Nunca es tarde, dicen, si la dicha es buena. Además, ciertos hallazgos requieren de tiempo, mucho esfuerzo y dinero, y un componente de suerte o azar que a la postre significa una cantidad de tiempo indefinida para la consecución satisfactoria de los objetivos marcados. Éste es sin duda el caso de la noticia que esta semana podía leerse en distintos medios; una buena nueva que no por ser todavía provisional, resultaba menos relevante: "Científicos españoles desarrollan una vacuna preventiva contra el VIH". El anuncio, sumamente esperanzador, tiene una doble lectura enormemente positiva. De un lado, la vacuna -aún en fase experimental- supone una posible luz al final del túnel para una pandemia que desde que se descubriese en 1981 ha acabado con la vida de más de 25 millones de personas -se dice pronto-; por otro, el desarrollo totalmente español de la misma supone un hito en la biotecnología de nuestro país que abrirá puertas a futuros proyectos consensuados entre los diferentes organismos e instituciones que actualmente trabajan en este campo dentro de nuestras fronteras.
Pero más allá del simple hecho científico, del anecdótico dato, o de la prometedora perspectiva que este descubrimiento ofrece, se encuentra una reflexión que no he podido quitarme de la cabeza desde que la noticia me asaltase en el metro la pasada semana.
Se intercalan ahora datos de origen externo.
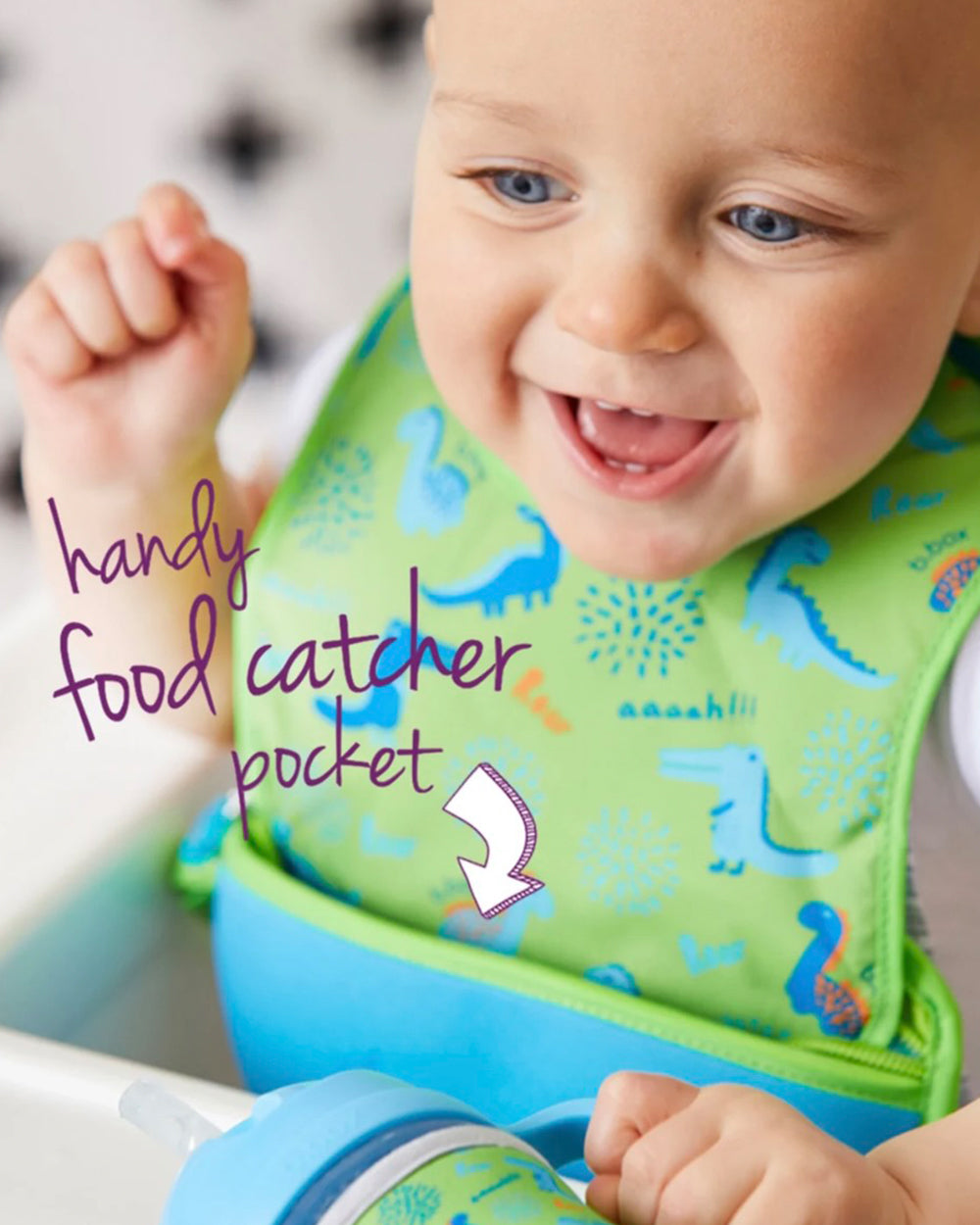 The new travel bib still gives parents the things they love: being able to feed on the go without having to carry around zip lock bags for messy bibs and look uber cool whilst doing it with four new trendy designs. When finished eating, pop the included spoon inside the food catcher and zip closed, no mess in nappy bags from soiled bibs to think about and when parents get home they can simply toss the bib in the washer, making mealtime mess even easier to clean up. BPA, Phthalates and PVC free.

La misma no es casual, y viene marcada, inducida si queréis, por mi creciente nuevo interés en uno de los mayores fenómenos musicales, artísticos y sociales de finales del siglo XX. Hablo de Queen, el legendario grupo de rock británico, y en particular de su cantante y alma mater, el gran Freddie Mercury -tristemente malogrado en fechas muy similares a estas hace ya 17 años, un 24 de noviembre de 1991. Efectivamente, no deja de resultar cuando menos curioso que el anuncio del mentado descubrimiento tenga lugar justo en estos días, cuando los fans del mito nacido en la extinta Zanzíbar recuerdan su figura porque se celebra el aniversario de su desaparición a causa de una enfermedad que aún hoy afecta a 40 millones de personas. Curioso, digo, y significativo, por cuanto la figura del cantante supuso a finales de los 80 y principios de los 90 todo un símbolo -a la par que una tragedia- en la lucha contra la mayor plaga de la era moderna, con permiso del cáncer. Y quiero pensar que estas cosas no responden simplemente a fortuitas casualidades.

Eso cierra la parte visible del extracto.